Effusibacillus consociatus

Scientific classification
- Domain: Bacteria
- Kingdom: Bacillati
- Phylum: Bacillota
- Class: Bacilli
- Order: Bacillales
- Family: Alicyclobacillaceae
- Genus: Effusibacillus
- Species: E. consociatus
- Binomial name: Effusibacillus consociatus Glaeser et al 2013

= Effusibacillus consociatus =

- Genus: Effusibacillus
- Species: consociatus
- Authority: Glaeser et al 2013

Species of bacterium

Effusibacillus consociatus is a species of Gram positive, aerobic, bacterium. The cells are rod-shaped and form spores. It was first isolated from a blood sample from a 51-year-old woman, although it was not implicated as a pathogen. The species name is derived from Latin consociatus (associated with), to indicate that the bacteria was associated with a human clinical case.
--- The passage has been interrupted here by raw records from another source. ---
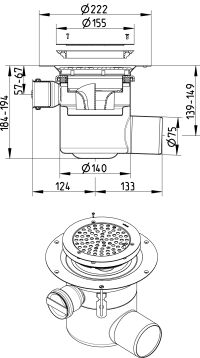 Regulowany wpust MULTI, odpływ poziom DN =75 mm, ruszt okrągły, zintegrowany syfon, 2 dopływy boczne DN =50 mm, do podłóg winylowych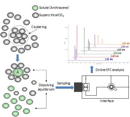 超臨界CO2具有廉價易得、無毒害、溶解能力可調(diào)變等優(yōu)點(diǎn),被認(rèn)為是一種能夠替代有機(jī)溶劑的綠色溶劑,通常應(yīng)用于天然產(chǎn)物提取、合成反應(yīng)、材料制備、色譜分析等領(lǐng)域。超臨界色譜兼有氣相色譜和液相色譜的特點(diǎn),既能夠克服氣相色譜對物質(zhì)沸點(diǎn)、揮發(fā)性的要求,相比液相色譜又具有更短的出峰保留時間、更好的分辨率及對稱性。超臨界色譜通常使用CO2作為體系流動相,并配以甲醇、乙腈等溶劑作為夾帶劑,適于聯(lián)用在線分析超臨界體系中目標(biāo)物的組成變化,減小分析誤差,跟蹤起始變化歷程。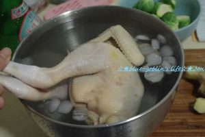 老抽,酱油,柠檬叶,香葱,姜,盐,玫瑰露酒,烧一锅足够没过鸡的水,把过了 冰水的鸡放到里面,再煮3分钟,然后关火,焖30分钟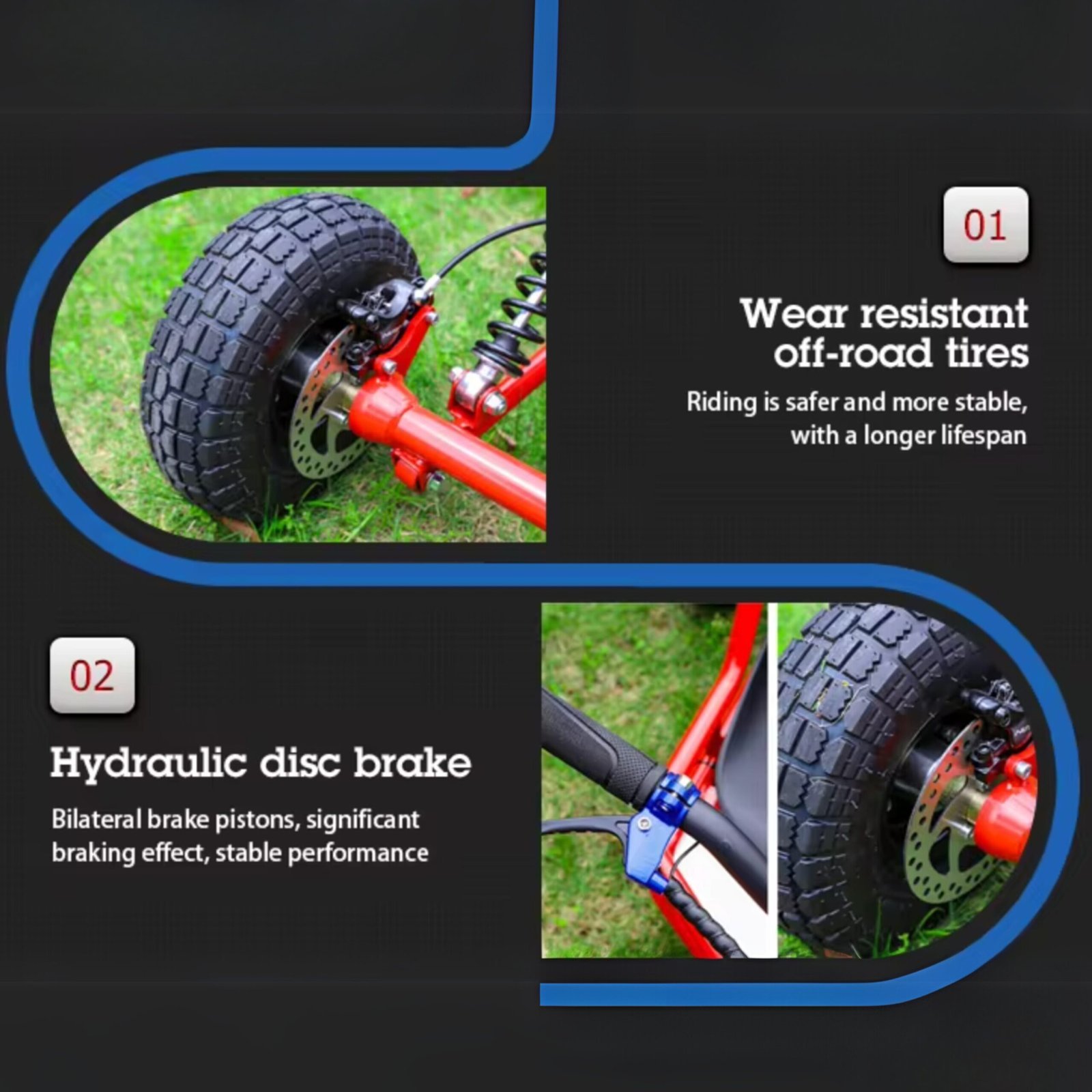 - Off-Road Capability: Rugged design handles grass, dirt, gravel, and uneven terrain with ease.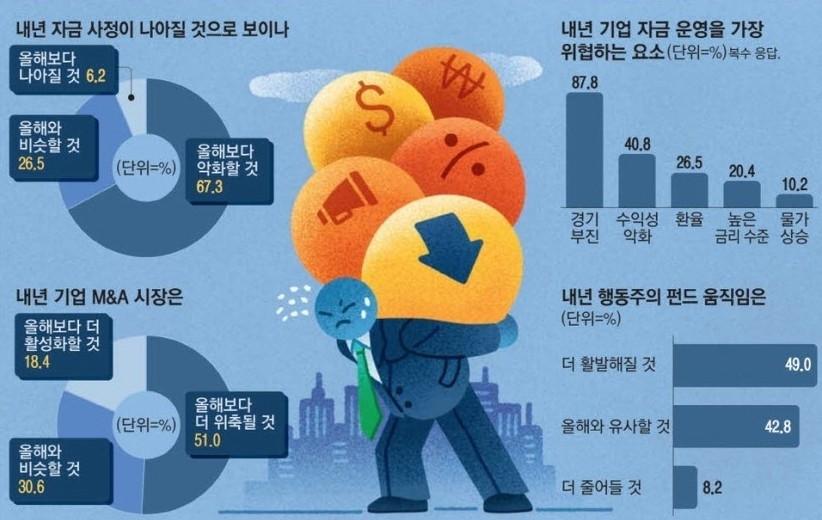 4. 대기업 10곳 중 7곳은 내년 자금 사정이 올해보다 더 나빠질 것으로 전제하고 경영계획을 수립하는 것으로 나타났습니다.

The species was originally grouped with genus Alicyclobacillus, as it was closely related to A. pohliae. However, further research found that both A. consociatus and A. pohliae belonged in a newly described genus Effusibacillus, and were renamed accordingly.

The optimum growth temperature for E. consociatus is 30 °C, and can grow in the 15-45 °C range. Its optimum pH is 6.5, and grows in pH range 5.5-10.5.